## Data extracts
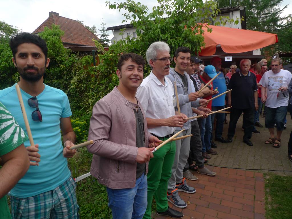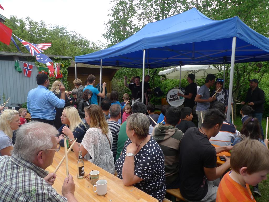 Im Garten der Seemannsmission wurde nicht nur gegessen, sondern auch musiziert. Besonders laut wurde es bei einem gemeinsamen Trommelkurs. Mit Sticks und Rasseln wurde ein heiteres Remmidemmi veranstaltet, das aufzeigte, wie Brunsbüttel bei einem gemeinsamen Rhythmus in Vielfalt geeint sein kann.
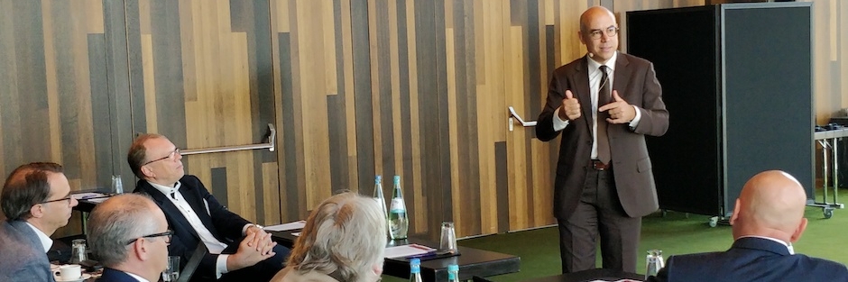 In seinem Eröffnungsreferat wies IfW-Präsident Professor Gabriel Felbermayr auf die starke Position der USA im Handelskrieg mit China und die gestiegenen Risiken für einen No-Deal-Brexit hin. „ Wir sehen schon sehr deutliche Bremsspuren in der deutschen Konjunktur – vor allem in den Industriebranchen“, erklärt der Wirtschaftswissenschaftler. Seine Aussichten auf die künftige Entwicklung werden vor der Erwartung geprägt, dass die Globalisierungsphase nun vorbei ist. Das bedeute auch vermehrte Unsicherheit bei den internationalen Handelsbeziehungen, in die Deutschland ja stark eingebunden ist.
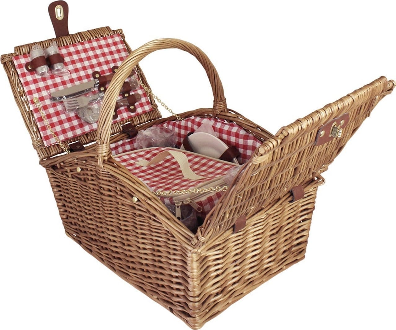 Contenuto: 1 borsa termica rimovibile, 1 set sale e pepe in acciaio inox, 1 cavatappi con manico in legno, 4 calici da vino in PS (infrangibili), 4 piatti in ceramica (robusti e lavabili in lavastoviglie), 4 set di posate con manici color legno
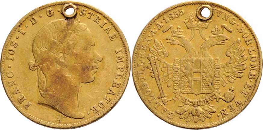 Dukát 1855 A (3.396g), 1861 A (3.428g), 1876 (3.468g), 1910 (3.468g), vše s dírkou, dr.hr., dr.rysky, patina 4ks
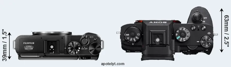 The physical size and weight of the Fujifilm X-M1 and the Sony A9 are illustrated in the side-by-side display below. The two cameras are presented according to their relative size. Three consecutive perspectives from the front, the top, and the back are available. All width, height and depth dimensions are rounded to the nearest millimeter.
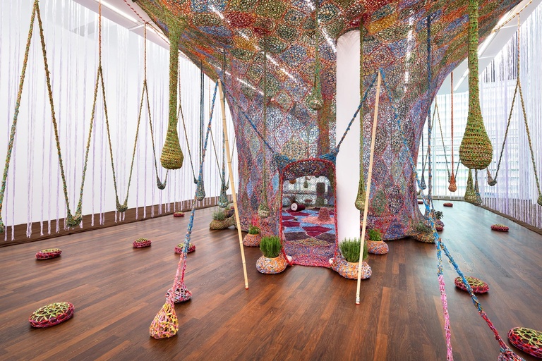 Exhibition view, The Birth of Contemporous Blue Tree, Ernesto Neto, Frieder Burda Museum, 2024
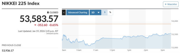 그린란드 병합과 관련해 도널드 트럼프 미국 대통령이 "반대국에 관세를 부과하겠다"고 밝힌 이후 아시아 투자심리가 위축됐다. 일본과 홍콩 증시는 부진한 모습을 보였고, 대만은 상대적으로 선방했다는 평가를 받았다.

--

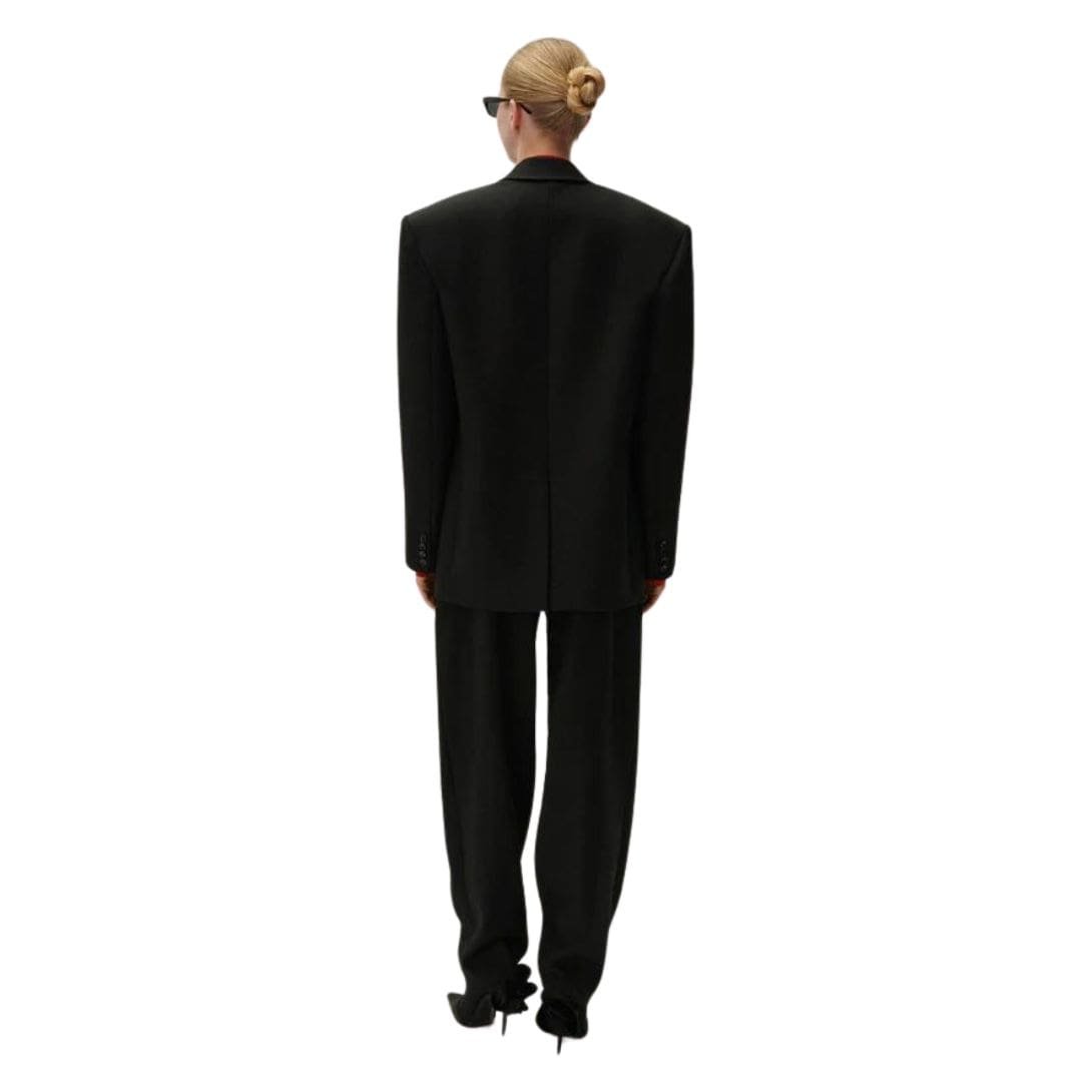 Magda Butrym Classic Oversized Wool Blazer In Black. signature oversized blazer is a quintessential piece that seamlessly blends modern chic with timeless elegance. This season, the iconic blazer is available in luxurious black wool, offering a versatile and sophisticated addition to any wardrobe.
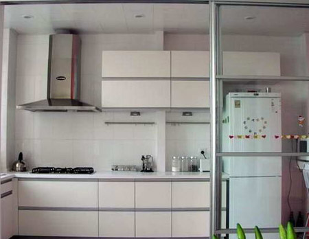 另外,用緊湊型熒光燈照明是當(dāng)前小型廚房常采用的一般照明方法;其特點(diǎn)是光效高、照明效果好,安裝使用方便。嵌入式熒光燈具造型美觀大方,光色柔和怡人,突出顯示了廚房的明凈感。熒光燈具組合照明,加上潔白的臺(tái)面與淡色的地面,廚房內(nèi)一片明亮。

## Exercise aim
Exact repeat of the material above: every line from the one with "Im Garten der" through the one with "Exhibition view, The", endpoints included, and nothing more. No pictures.

## Solved exercise
 Im Garten der Seemannsmission wurde nicht nur gegessen, sondern auch musiziert. Besonders laut wurde es bei einem gemeinsamen Trommelkurs. Mit Sticks und Rasseln wurde ein heiteres Remmidemmi veranstaltet, das aufzeigte, wie Brunsbüttel bei einem gemeinsamen Rhythmus in Vielfalt geeint sein kann.
 In seinem Eröffnungsreferat wies IfW-Präsident Professor Gabriel Felbermayr auf die starke Position der USA im Handelskrieg mit China und die gestiegenen Risiken für einen No-Deal-Brexit hin. „ Wir sehen schon sehr deutliche Bremsspuren in der deutschen Konjunktur – vor allem in den Industriebranchen“, erklärt der Wirtschaftswissenschaftler. Seine Aussichten auf die künftige Entwicklung werden vor der Erwartung geprägt, dass die Globalisierungsphase nun vorbei ist. Das bedeute auch vermehrte Unsicherheit bei den internationalen Handelsbeziehungen, in die Deutschland ja stark eingebunden ist.
 Contenuto: 1 borsa termica rimovibile, 1 set sale e pepe in acciaio inox, 1 cavatappi con manico in legno, 4 calici da vino in PS (infrangibili), 4 piatti in ceramica (robusti e lavabili in lavastoviglie), 4 set di posate con manici color legno
 Dukát 1855 A (3.396g), 1861 A (3.428g), 1876 (3.468g), 1910 (3.468g), vše s dírkou, dr.hr., dr.rysky, patina 4ks
 The physical size and weight of the Fujifilm X-M1 and the Sony A9 are illustrated in the side-by-side display below. The two cameras are presented according to their relative size. Three consecutive perspectives from the front, the top, and the back are available. All width, height and depth dimensions are rounded to the nearest millimeter.
 Exhibition view, The Birth of Contemporous Blue Tree, Ernesto Neto, Frieder Burda Museum, 2024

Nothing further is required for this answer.